# [Data]
┄┄┄┄┄┄┄┄┄┄┄┄┄┄┄┄┄┄┄┄
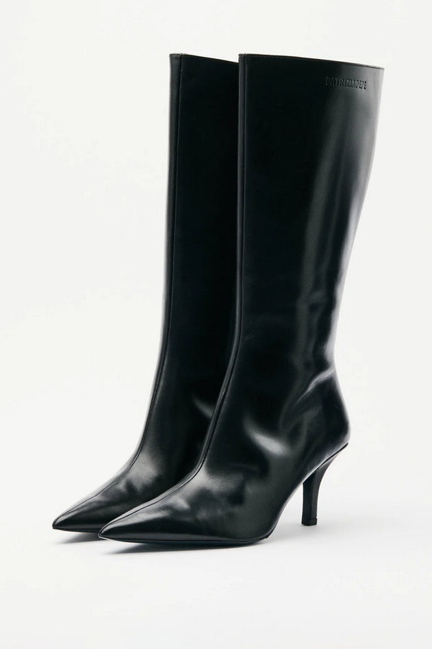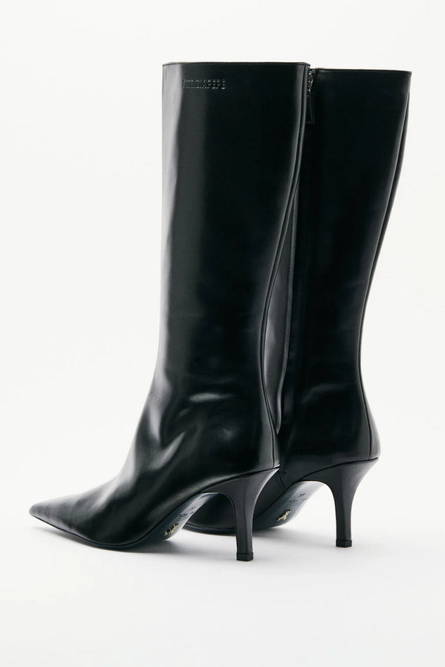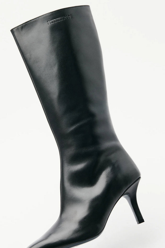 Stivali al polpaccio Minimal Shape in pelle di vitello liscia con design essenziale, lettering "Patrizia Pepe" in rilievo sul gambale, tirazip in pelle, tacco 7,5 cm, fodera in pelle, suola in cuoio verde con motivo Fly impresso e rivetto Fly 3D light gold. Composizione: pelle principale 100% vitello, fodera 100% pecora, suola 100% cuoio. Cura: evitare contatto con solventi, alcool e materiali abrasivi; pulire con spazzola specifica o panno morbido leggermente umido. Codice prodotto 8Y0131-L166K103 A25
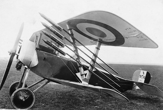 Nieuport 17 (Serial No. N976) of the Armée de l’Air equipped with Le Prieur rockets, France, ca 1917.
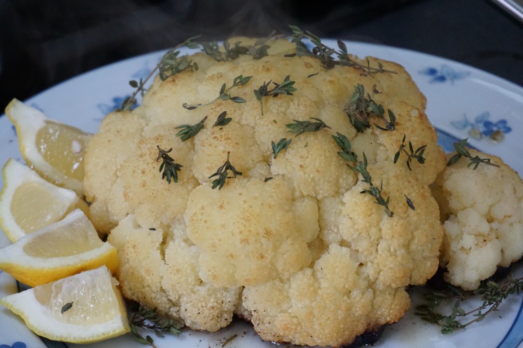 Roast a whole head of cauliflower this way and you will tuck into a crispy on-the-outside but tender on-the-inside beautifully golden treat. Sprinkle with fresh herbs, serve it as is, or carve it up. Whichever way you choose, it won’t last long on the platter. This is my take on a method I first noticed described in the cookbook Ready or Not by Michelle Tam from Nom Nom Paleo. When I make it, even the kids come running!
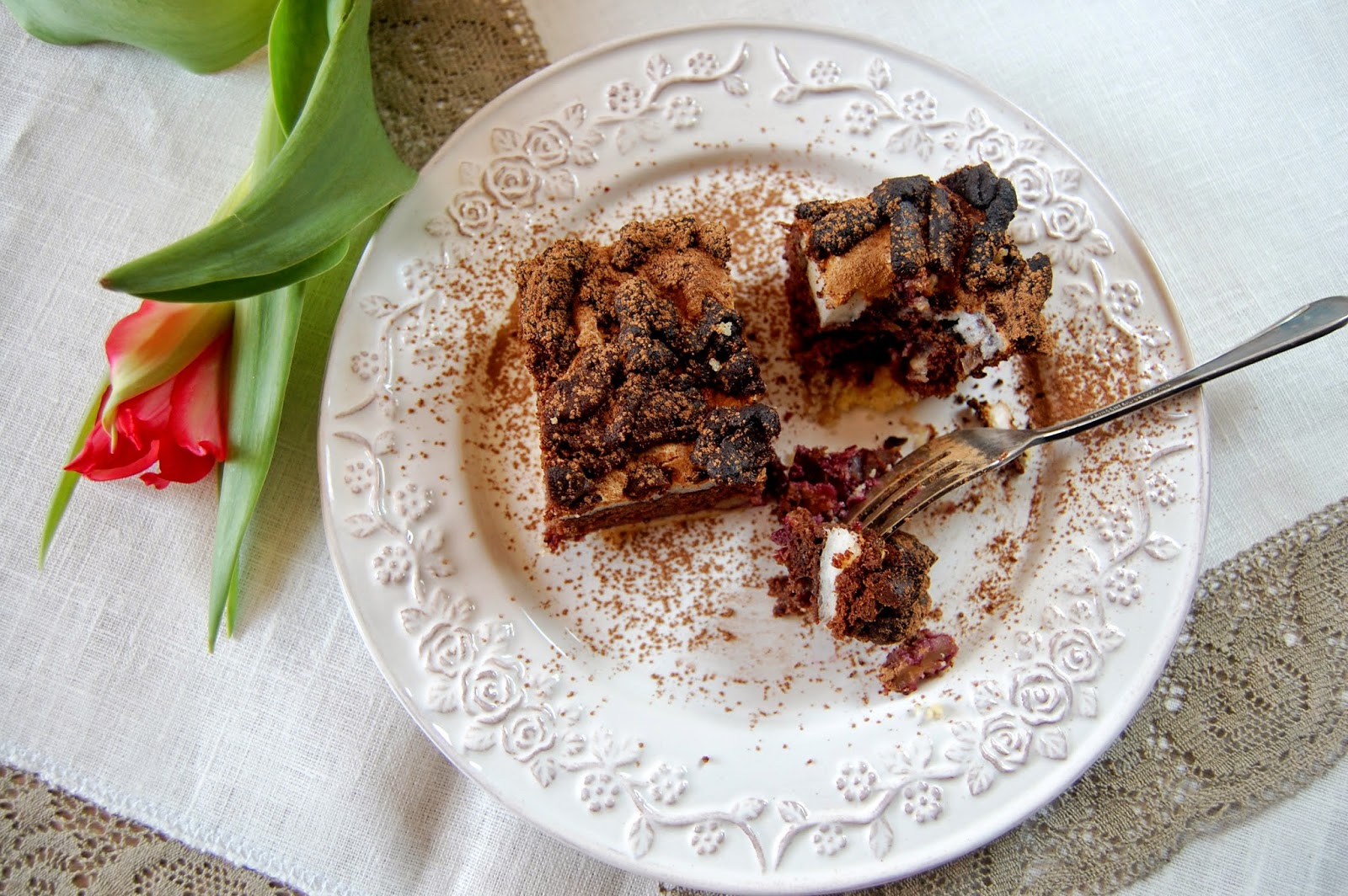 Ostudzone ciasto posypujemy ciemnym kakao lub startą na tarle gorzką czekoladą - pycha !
┄┄┄┄┄┄┄┄┄┄┄┄┄┄┄┄┄┄┄┄
# [Task objective]
Return all of the material above unchanged, minus its pictures.

# [Answer box]
 Stivali al polpaccio Minimal Shape in pelle di vitello liscia con design essenziale, lettering "Patrizia Pepe" in rilievo sul gambale, tirazip in pelle, tacco 7,5 cm, fodera in pelle, suola in cuoio verde con motivo Fly impresso e rivetto Fly 3D light gold. Composizione: pelle principale 100% vitello, fodera 100% pecora, suola 100% cuoio. Cura: evitare contatto con solventi, alcool e materiali abrasivi; pulire con spazzola specifica o panno morbido leggermente umido. Codice prodotto 8Y0131-L166K103 A25
 Nieuport 17 (Serial No. N976) of the Armée de l’Air equipped with Le Prieur rockets, France, ca 1917.
 Roast a whole head of cauliflower this way and you will tuck into a crispy on-the-outside but tender on-the-inside beautifully golden treat. Sprinkle with fresh herbs, serve it as is, or carve it up. Whichever way you choose, it won’t last long on the platter. This is my take on a method I first noticed described in the cookbook Ready or Not by Michelle Tam from Nom Nom Paleo. When I make it, even the kids come running!
 Ostudzone ciasto posypujemy ciemnym kakao lub startą na tarle gorzką czekoladą - pycha !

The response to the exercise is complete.